Сущность религии, по Луману, состоит в работе с тайной, которая понимается не только как начало человеческого бытия, но и как то, называнию и определению чего наш язык всячески сопротивляется. «Тайное» и «непостижимое» для Лумана означает «сопротивляющееся языку».

Область, в которой существуют понятия религиозного и таинственного, находится на границе возможностей нашего языка. Хотя язык (и заданная им человеческая логика) и пытаются работать в этой сфере, они постоянно терпят фиаско.

Как пишет Луман в работе «Дифференциация», религия и магия «надзирают за границей с неизвестным»34. Но для того, чтобы такой надзор стал возможен, культура должна провести границу, отделив загадочное (пока неизвестное) от таинственного, т. е. не познаваемого в принципе.

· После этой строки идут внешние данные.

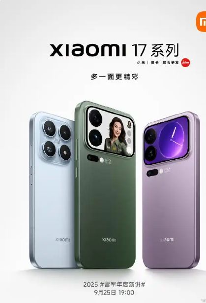 9月22日,小米董事长兼CEO雷军在社交平台发布消息,小米17系列将于9月25日晚7点正式发布,共推出三款机型:小米17、小米17 Pro、小米17 Pro Max。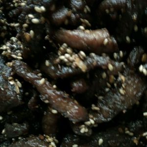 锅里留少些油放辣椒面炒香,牛肉倒入锅中,放孜然和炒过的芝麻,翻炒均匀后出锅。(图片拍的比较暗,因为下雨天:))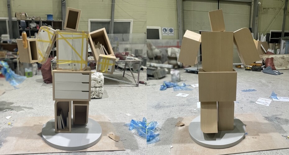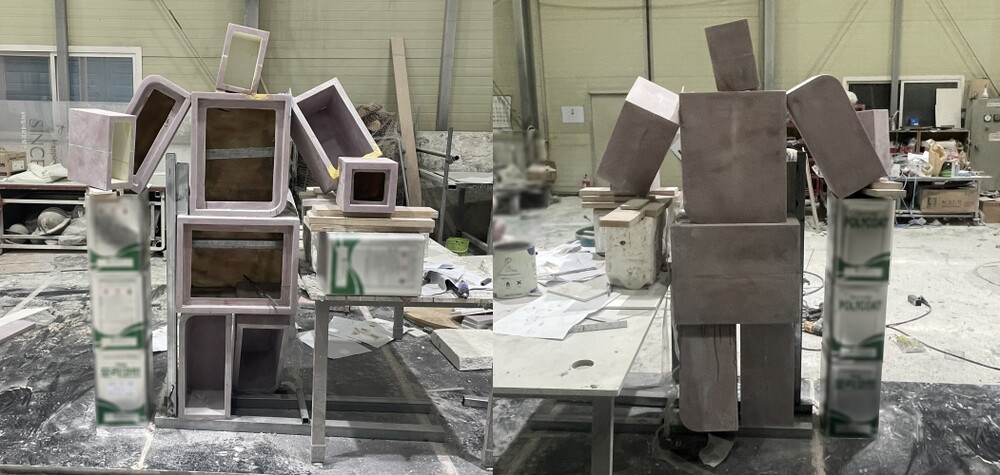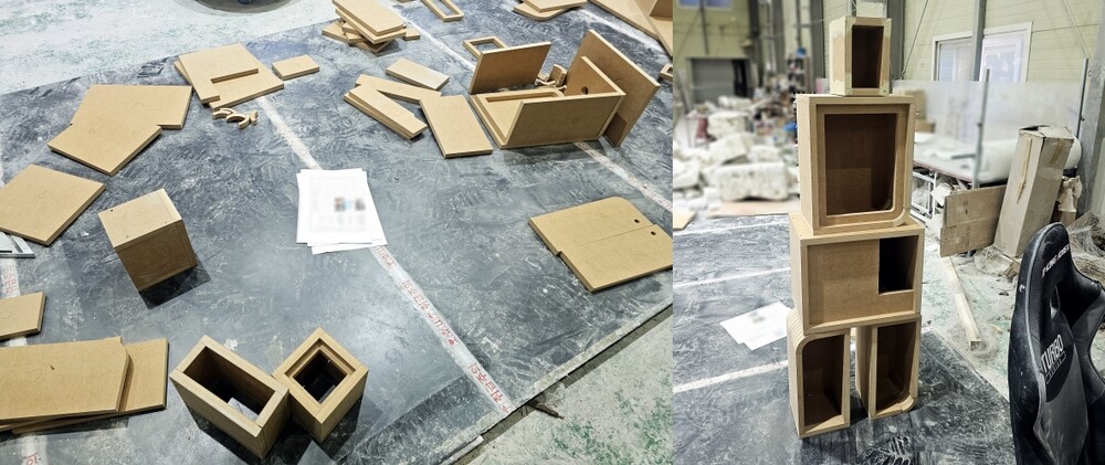 몰드는 일회용 몰드와 다회용 몰드로 나누어지는데요. 이번 전시 조형물에는 똑같은 형태의 요소들이 있어 다회용 몰드를 상용해 주었습니다. 제작된 몰드 내부 표면을 다듬고 성형체 제작을 진행해 주고 사포, 그라인더 등을 사용하여 2~3면 연마 작업을 진행해 주었습니다. 연마 작업이 완료된 현대리바트 조형물은 디자인 시안과 동일한 형태로 결합 작업을 진행해 주고 자세를 고정해 주기 위해 파이프를 사용하여 내부 골조를 제작해 주었습니다.
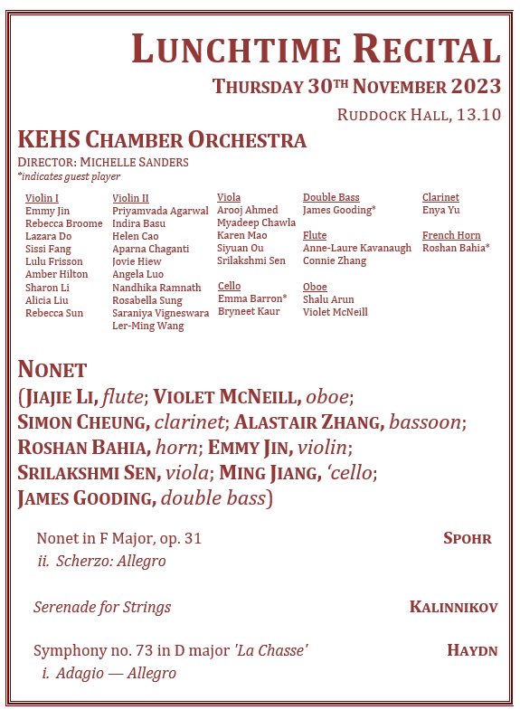 On Friday 17th November, three chamber groups of KES and KEHS students performed at the Elgar Concert Hall as part of the University of Birmingham’s Concert Series. The repertoire featured Beethoven’s Wind Octet, Weber’s Clarinet Quintet, and Juon’s Piano Sextet; all of which were mature and high calibre performances. Well done to all who took part and thank you to Mr Ash for the photos.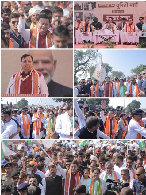 मुख्यमंत्री ने कहा सरदार@150 यूनिटी मार्च के अंतर्गत उत्तराखंड सरकार ने देवभूमि उत्तराखंड के प्रत्येक जनपद में भी एकता यात्रा का आयोजन किया। मुख्यमंत्री ने बताया उन्होंने स्वयं चार प्रमुख स्थानों पर एकता यात्रा में प्रतिभाग किया है। एकता यात्रा के माध्यम से युवाओं को नशा मुक्ति, योग और स्वास्थ्य जैसे विषयों से जोड़ने के साथ सहकारिता मेलों का आयोजन कर स्थानीय हस्तशिल्प और स्वदेशी उत्पादों के प्रचार प्रसार की दिशा में भी कार्य किया गया है।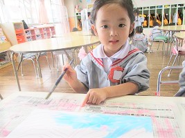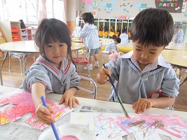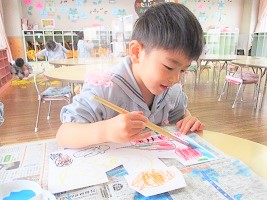今日は花組さんが車の製作仕上げに絵の具を使って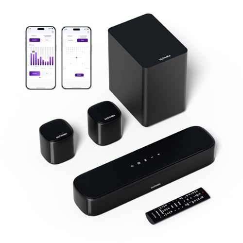 ULTIMEA 5.1ch Sound Bar w/Dolby Atmos, Surround Sound System for TV, App Control, Home Theater Sound System, TV Soundbar with Subwoofer, 2 Surround Speakers, HDMI eARC/OPT/AUX/BT, Aura A50 Pro
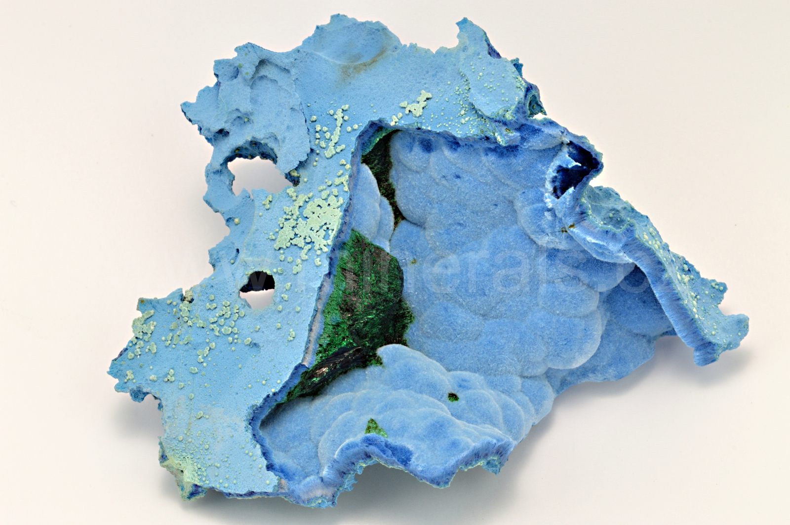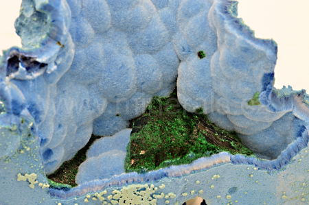 Shattuckit vytváří nebesky modré a tmavě modré, hedvábně lesklé, částečně průsvitné, ledvinité a radiálně paprsčité agregáty složené z jehlicovitých krystalů dosahující délky až 3 mm, které se navzájem prorůstají a na které uprostřed vzorků narůstá srostlice tmavě zelených, skelně lesklých krystalů malachitu. Velmi pěkná kombinace.

Впервые тяга к необъяснимому (или пока не объясненному) проявляется в культуре барокко, бывшей во многих отношениях первой пробой европейского рационализма. Здесь таинственное и загадочное еще не окончательно разделились – как мир и текст в «Словах и вещах» Мишеля Фуко. Отсюда происходит то ощущение сказочности, которое охватывает нас при разглядывании картинок в естественнонаучных сочинениях барочных эрудитов. Подземные океаны бушующего пламени на иллюстрациях в книгах Атаназиуса Кирхера оказываются метафорой первоначальной свободы, с которой человек еще не научился обращаться должным образом. Но именно на этой ненадежной почве со временем вырастает современная наука и современная рациональность.

А. В. Михайлов определял барокко как всеобщую риторическую культуру, предполагающую сравнение всего со всем35. Но это определение лишь развивает воззрения барочных авторов. Так, Эммануэле Тезауро в знаменитом трактате по риторике «Подзорная труба Аристотеля» (1654) описывает мироздание как всеобщую грамматику. Таким образом, тайна – то, что находится за пределами этих грамматик.

Вопросы Тиберия, о которых говорит Браун, относятся к области загадочного, поскольку предполагают однозначные ответы, точно так же, как Ахиллес, скрываясь среди женщин, назывался каким-то одним именем. Но сама тема его книги располагает к меланхолии, соприкасающейся с загадочным именно потому, что картина прошлого, которую мы можем восстановить по материальным свидетельствам, принципиально неполна.

Фрагментарность (и порожденная ей меланхолия) возможна только в правильном мире, где все границы между предметами и явлениями четко очерчены. В этом и только в этом мире возможна история во всех смыслах слова: как осознание линейного течения времени, как ощущение перемен и как последовательность событий, которую можно рассказать.

Сатурн оказывается воплощением ушедшего стазиса, но этот стазис одновременно осознается как глубоко трагическое бессилие.

Уже упоминавшийся Фридрих Георг Юнгер в книге «Греческие мифы» пишет, что Кронос-Сатурн страдает от невозможности действия (видимо, он его страстно, хоть и тайно, желает). Впоследствии Сатурн выступает в роли некоего темного властелина (хотя его нельзя назвать однозначно злым), а в символическом плане – как искушение прошлым.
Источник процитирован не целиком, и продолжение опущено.